◆ How to complete this task
Every line of the listing below is to be duplicated exactly, with the pictures left out.

◆ Data shown
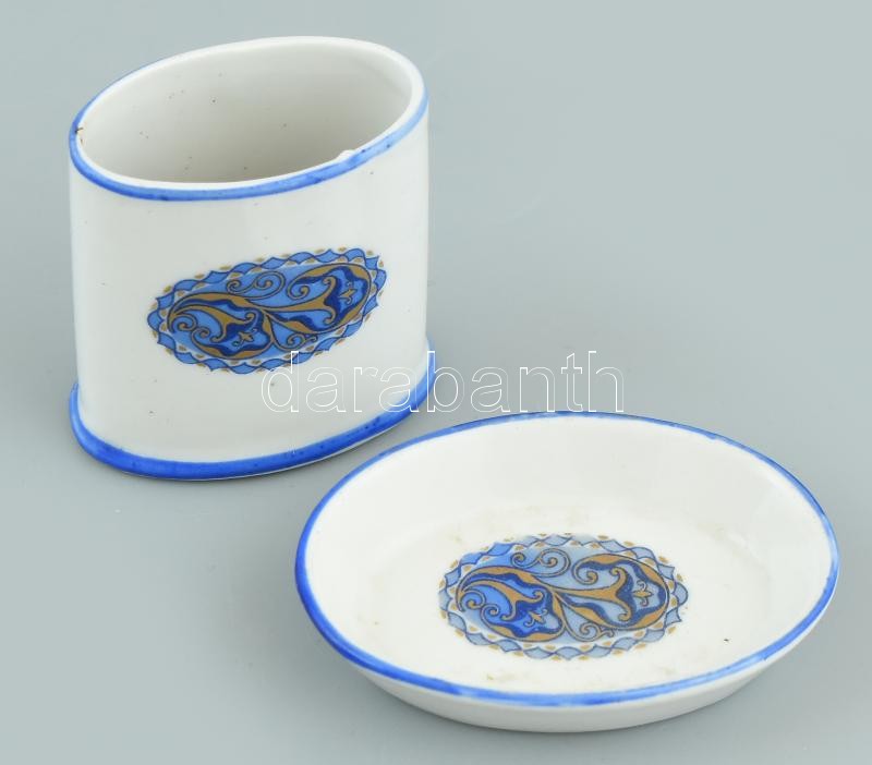 Leírás: Zsolnay fogpiszkáló-/gyufatartó és tálka. Részben kézzel festett, jelzett, kis kopásnyomokkal, m: 5,5 cm, 7x5 cm
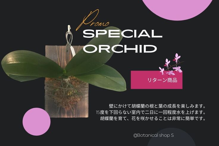 捨てられる運命の胡蝶蘭を回収し、養生を行い、板付けにした胡蝶蘭がリターンです。
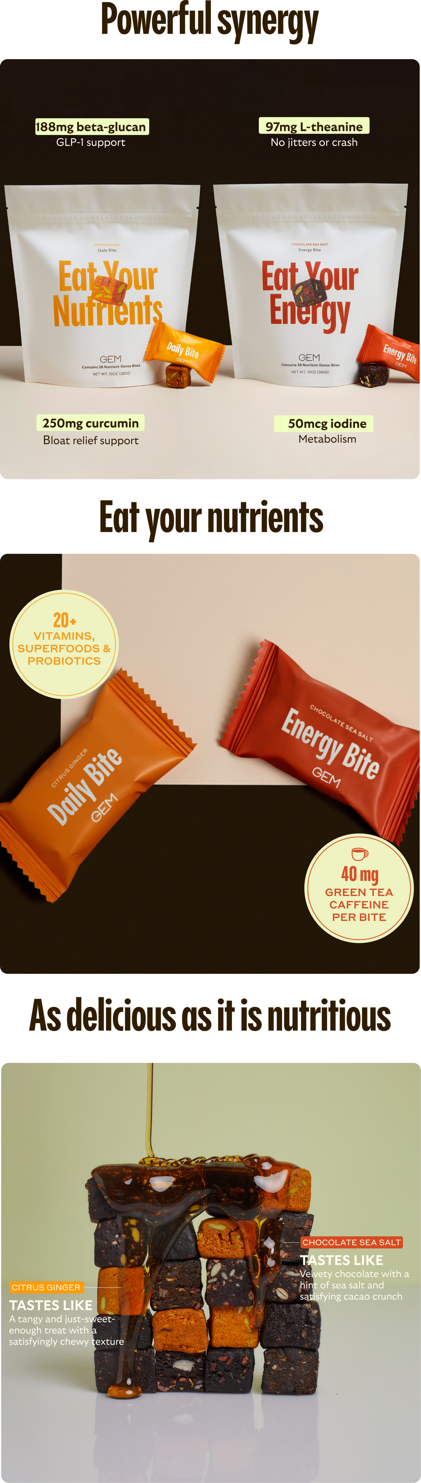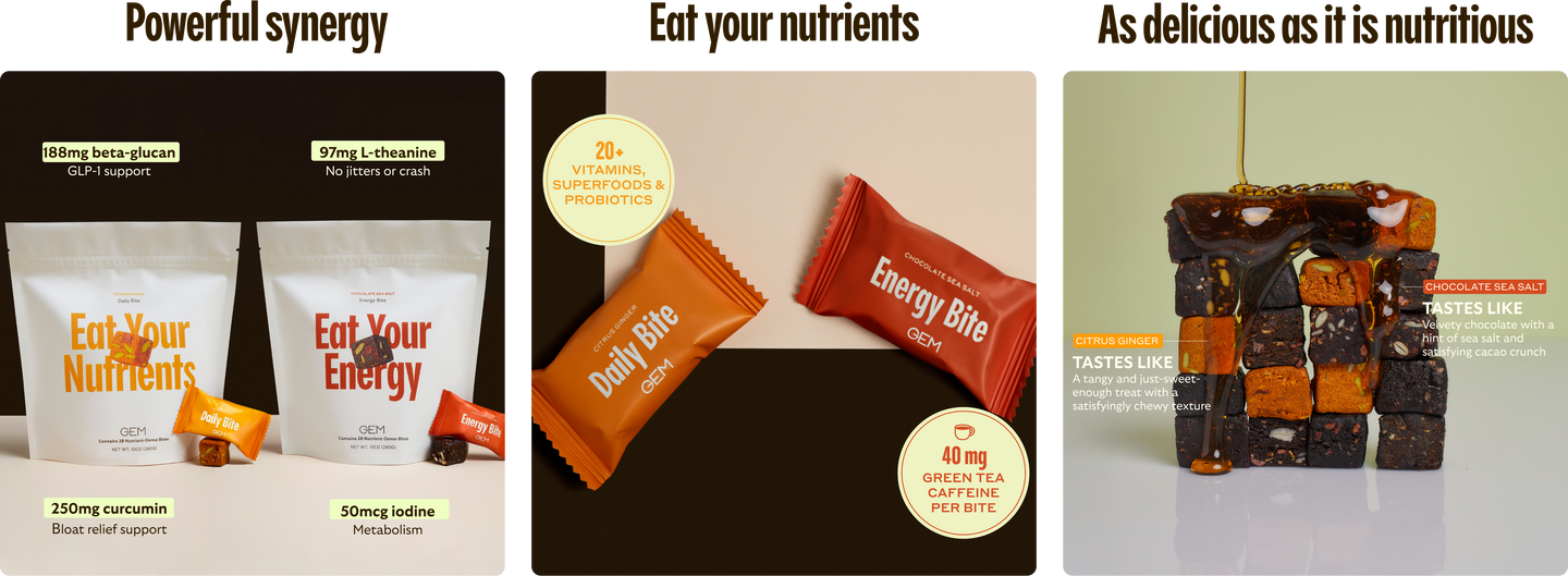 - Energy Bite: your afternoon pick-me-up for metabolism and holistic energy support. Formulated with iodine from kelp, caffeine from green tea, l-theanine, and ginseng
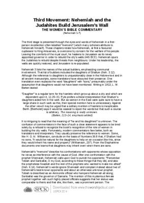 The third stage is presented through the eyes and words of Nehemiah in a first- person recollection often labelled “memoirs” (which many scholars attribute to Nehemiah himself)…
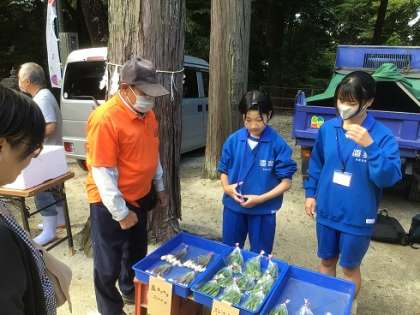 地域の方から朝市の始まりなどについてお話を聞いた後、それぞれの活動に分かれました。
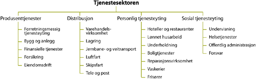 Tjenesteytende sektor omfatter næringsvirksomhet med stor spennvidde, jf. figuren under. Sektoren dekker alt fra desentraliserte tjenestebransjer som følger bosettingsmønsteret i landet, til tjenester som tilbys på et internasjonalt konkurranseutsatt marked.
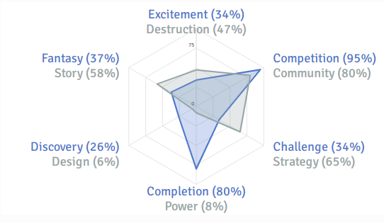 Тест можно пройти минут за 5. Вас спросят, во что вы играли в последнее время, насколько вам нравятся конкретные игровые занятия, и как часто вы делаете в игре то-то и то-то. Посчитав ваши ответы, тест нарисует ваш «геймерский портрет» (как на картинке ниже). В нем можно увидеть, насколько вам важны: экшн (азарт, разрушение), общение (соревнование, дружба), мастерство (вызов, стратегия), достижения (завершение, сила), творчество (открытие, созидание) и погружение (фантазии, история).
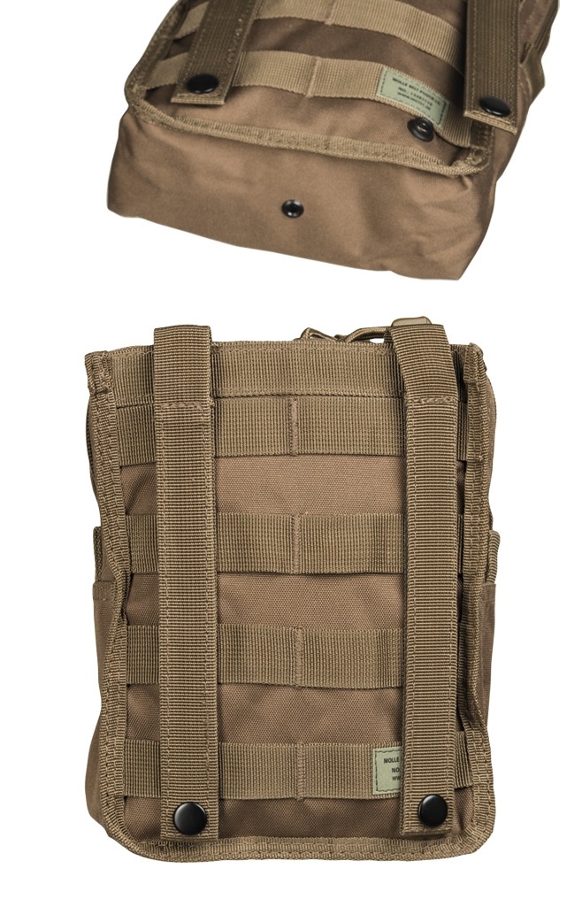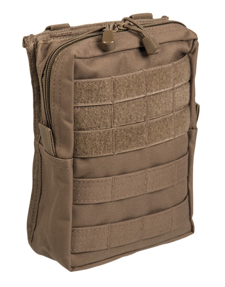 Husă verticală echipată cu sistem MOLLE. Închidere cu fermoar dublu sens. Include și panou velcro pentru patch-uri.
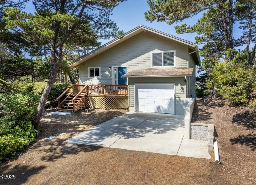 Your Coastal Retreat Awaits! Located just 2 miles south of Seal Rock shops and eateries, this Beautifully updated home with Ocean Views is nestled in a small neighborhood with Dedicated Beach Access! Sold Fully Furnished and Turnkey! Featuring Vaulted Ceilings, an open-concept layout, and an abundance of natural light. Enjoy daily sunsets out on the deck, or cozied up by the fireplace. The kitchen boasts granite countertops, bamboo floors and stainless steel appliances. The main living spaces and two west facing bedrooms have ocean views. Updates include new siding, interior and exterior paint, new carpet, updated bathrooms, a paved driveway, a widened road for additional parking, a new deck, and more! 150 dollars/year paid to The Orcas Group LLC for maintenance of beach access trail.

◆ Task result
 Leírás: Zsolnay fogpiszkáló-/gyufatartó és tálka. Részben kézzel festett, jelzett, kis kopásnyomokkal, m: 5,5 cm, 7x5 cm
 捨てられる運命の胡蝶蘭を回収し、養生を行い、板付けにした胡蝶蘭がリターンです。
 - Energy Bite: your afternoon pick-me-up for metabolism and holistic energy support. Formulated with iodine from kelp, caffeine from green tea, l-theanine, and ginseng
 The third stage is presented through the eyes and words of Nehemiah in a first- person recollection often labelled “memoirs” (which many scholars attribute to Nehemiah himself)…
 地域の方から朝市の始まりなどについてお話を聞いた後、それぞれの活動に分かれました。
 Tjenesteytende sektor omfatter næringsvirksomhet med stor spennvidde, jf. figuren under. Sektoren dekker alt fra desentraliserte tjenestebransjer som følger bosettingsmønsteret i landet, til tjenester som tilbys på et internasjonalt konkurranseutsatt marked.
 Тест можно пройти минут за 5. Вас спросят, во что вы играли в последнее время, насколько вам нравятся конкретные игровые занятия, и как часто вы делаете в игре то-то и то-то. Посчитав ваши ответы, тест нарисует ваш «геймерский портрет» (как на картинке ниже). В нем можно увидеть, насколько вам важны: экшн (азарт, разрушение), общение (соревнование, дружба), мастерство (вызов, стратегия), достижения (завершение, сила), творчество (открытие, созидание) и погружение (фантазии, история).
 Husă verticală echipată cu sistem MOLLE. Închidere cu fermoar dublu sens. Include și panou velcro pentru patch-uri.
 Your Coastal Retreat Awaits! Located just 2 miles south of Seal Rock shops and eateries, this Beautifully updated home with Ocean Views is nestled in a small neighborhood with Dedicated Beach Access! Sold Fully Furnished and Turnkey! Featuring Vaulted Ceilings, an open-concept layout, and an abundance of natural light. Enjoy daily sunsets out on the deck, or cozied up by the fireplace. The kitchen boasts granite countertops, bamboo floors and stainless steel appliances. The main living spaces and two west facing bedrooms have ocean views. Updates include new siding, interior and exterior paint, new carpet, updated bathrooms, a paved driveway, a widened road for additional parking, a new deck, and more! 150 dollars/year paid to The Orcas Group LLC for maintenance of beach access trail.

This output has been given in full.